We used generalized linear models to estimate the associations of AAC with annualized total health care costs. Based on Modified Park31 and Pregibon link32 tests, we chose a log link and gamma distribution for these regression models in order to account for the right skewed distribution of health care costs and assure well-specified models. Logistic models were used to estimate the associations of AAC with risks of all-cause hospitalization, CVD hospitalization, and SNF stays (one or more episodes) during the three years following the baseline MrOS visit.

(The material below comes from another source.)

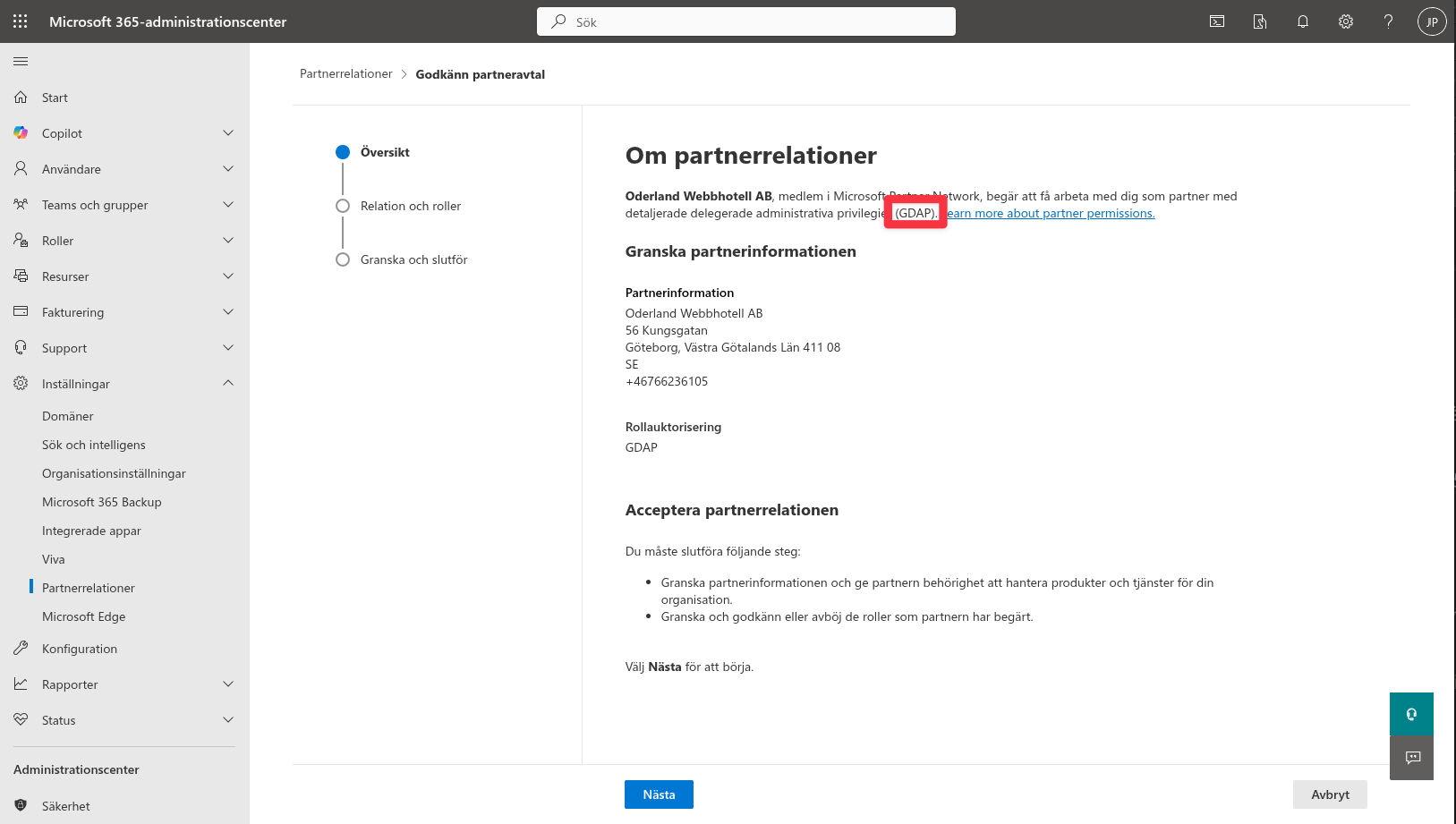 https://admin.microsoft.com/AdminPortal/Home#/partners/invitation/granularAdminRelationships/a1b2c3d4-a1b2-c3d4-e5f6-a1b2c3d4e4f6-a1b2c3d4-a1b2-c3d4-e5f6-a1b2c3d4e4f6 - På sidan du landar på, granska informationen om GDAP och klicka på

Base models were adjusted for age and study enrollment site. A second set of models also adjusted for race, education, systolic blood pressure, HDL cholesterol, LDL cholesterol, triglycerides, creatinine clearance, smoking status, angina, prior myocardial infarction, prior stroke, congestive heart failure, diabetes mellitus, and chronic kidney disease (CKD, eGFR< 60 ml/min).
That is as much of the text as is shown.